“Ben is Back” opens in a beautiful church on Christmas Eve, where Holly Burns (Julia Roberts) watches her daughter sing while her two small children run to hug her. Just as the scene approaches melodrama, Holly threatens to make her kids come to church more than once a year.
This macabre humor typifies director Peter Hedges’ latest film, which screened at the Virginia Film Festival last Saturday in Newcomb Theater. The film stars the director’s son, Academy-Award nominated actor Lucas Hedges. Hedges plays Ben, a young man who has returned home from rehabilitation for his heroin addiction to see his family on Christmas.
“Ben is Back” is darkly and subtly funny, as well as consistently and forcefully uncomfortable. Spurred by the theft of the beloved family dog, Ben and Holly take an unlikely journey on the night of Christmas Eve to find the scruffy Ponce, revisiting numerous suspects from Ben’s life during addiction. As Holly learns about Ben’s secret life of decrepit houses and frightening transactions, the audience does too.
Different from other films about addiction, “Ben is Back” does not depict the beginning of a downward spiral into drug use or an addict covered in track marks, shivering at the point of no return. Instead, Hedges’ Ben is a young, healthy-looking man who has been sober for 77 days. Instead, the movie focuses on the lingering after-effects of addiction. Over the course of single day covered in the film, Ben’s addiction manifests itself both through his physical body and the ramifications of mistakes made during his drug use.
Ben’s consuming struggles as an addict and Holly’s consuming struggles as a parent are at the forefront of each scene, providing an intimate image of a family and the depths of pain, hope, and disappointment. On this cold winter day, much of the action takes place in Holly’s car, where she and Ben talk and listen to and past one another. In this tight space everything seems to slowly unravel. There’s very little music in the film. The audible hum of the engine when Ben and Holly sit in silence in the car seems to say more, though.

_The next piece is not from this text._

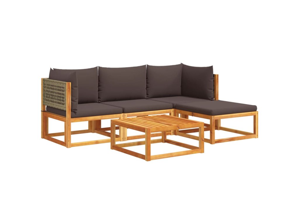 5dílná zahradní sedací souprava s polštáři, akácie a ratan 3278895

Despite its general restraint, a few moments in the film do feel overdone. In one scene, Holly visits the train tracks near the river, where she slowly walks through a clearing filled with ghost-like drug addicts who stand around small fires and slowly walk past her or hauntingly cackle. While the majority of the movie subtly engages the audience with slowly-building conversations, moments like this one feel inauthentic and seem to serve no purpose.

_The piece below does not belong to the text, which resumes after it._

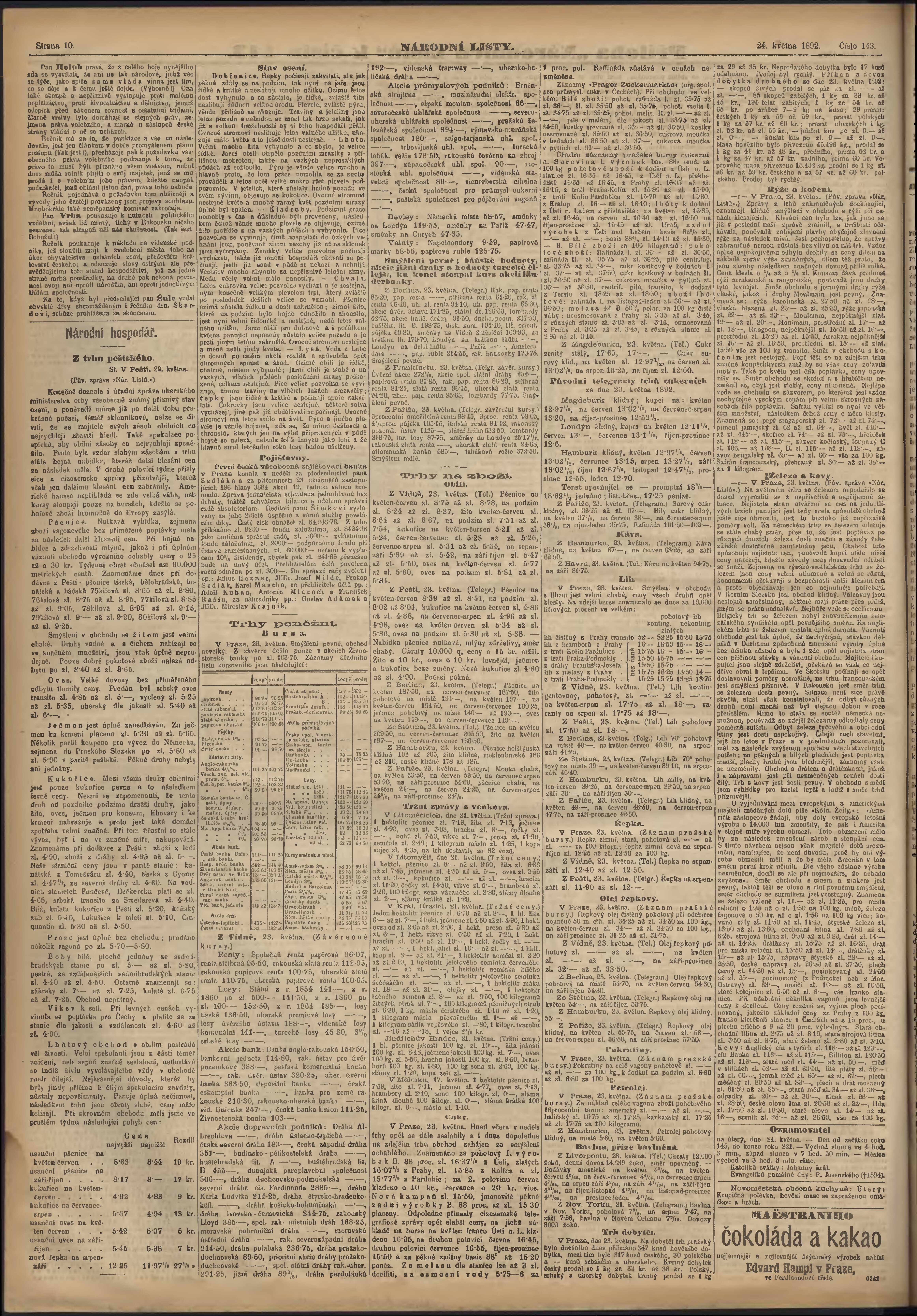 * Datum vydání výtisku: 24.5.1892 Číslo výtisku: 143

Ben — whose mother, sister, step-father and step-siblings are loving and nurturing — offers proof addiction can and does happen to anyone. While the widespread opioid epidemic in the United States often appears in the news, the idea heroin addiction only affects individuals of low socioeconomic status and in middle-age persists. “Ben is Back” offers an example of a financially stable and well cared-for individual whose addiction started in his adolescence.
Peter Hedges makes a handful of political points, both obliquely and more directly. Ben’s loving family offers proof that addiction can happen to anyone, subverting the overwhelming narrative that heroin addiction only affects individuals of low socioeconomic status. Later, Holly approaches Ben’s former doctor in the mall, blaming him for her son’s addiction after he over-prescribed painkillers following a snowboarding accident. Holly later screams at a pharmacist for not carrying an opioid overdose reversal drug, shouting her belief that the ease with which the pharmacy prescribes painkillers is to blame for the need of the overdose reversal in the first place.

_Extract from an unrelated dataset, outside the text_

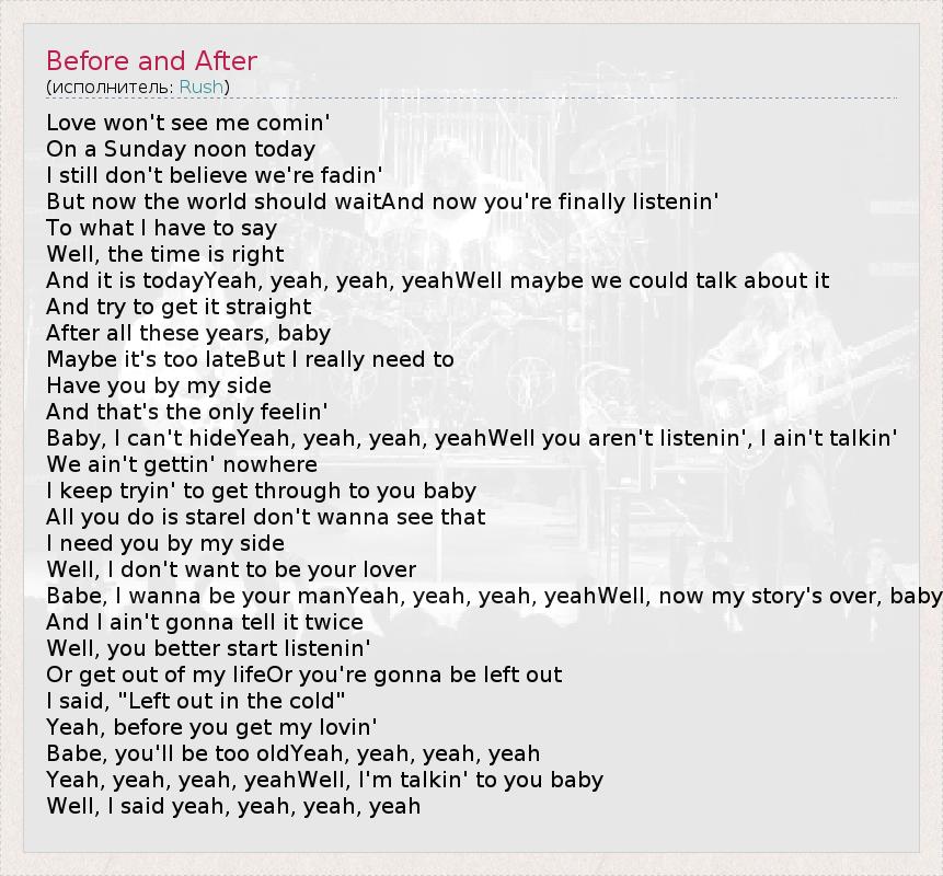 Love won't see me comin' On a Sunday noon today I still don't believe we're fadin' But now the world should waitAnd now you're finally listenin' To what I have to say Well, the time is right And it is todayYeah, yeah, yeah, yeahWell maybe we could talk about it And try to get it straight After all these years, baby Maybe it's too lateBut I really need to Have you by my side And that's the only feelin' Baby, I can't hideYeah, yeah, yeah, yeahWell you aren't listenin', I ain't talkin' We ain't gettin' nowhere I keep tryin' to get through to you baby All you do is stareI don't wanna see that I need you by my side Well, I don't want to be your lover Babe, I wanna be your manYeah, yeah, yeah, yeahWell, now my story's over, baby And I ain't gonna tell it twice Well, you better start listenin' Or get out of my lifeOr you're gonna be left out I said, "Left out in the cold" Yeah, before you get my lovin' Babe, you'll be too oldYeah, yeah, yeah, yeah Yeah, yeah, yeah, yeahWell, I'm talkin' to you baby Well, I said yeah, yeah, yeah, yeah

The film is difficult to watch, filled with a constant sense of impending doom for both Ben and his mother. The tension begins in the second scene, as soon as Holly gets out her car to hug her son, and does not stop until the final shot of the movie.
The strength of this movie comes from the compelling performances of Hedges and Roberts, who play off each other and depict a complex and beautiful mother-son relationship. This relationship is markedly realistic, in its tenderness, anger and strain to regain connection and control. Roberts expressess an unfailing, impossible love that knows no bounds and ultimately leaves her blind to the extent of her son’s dependency.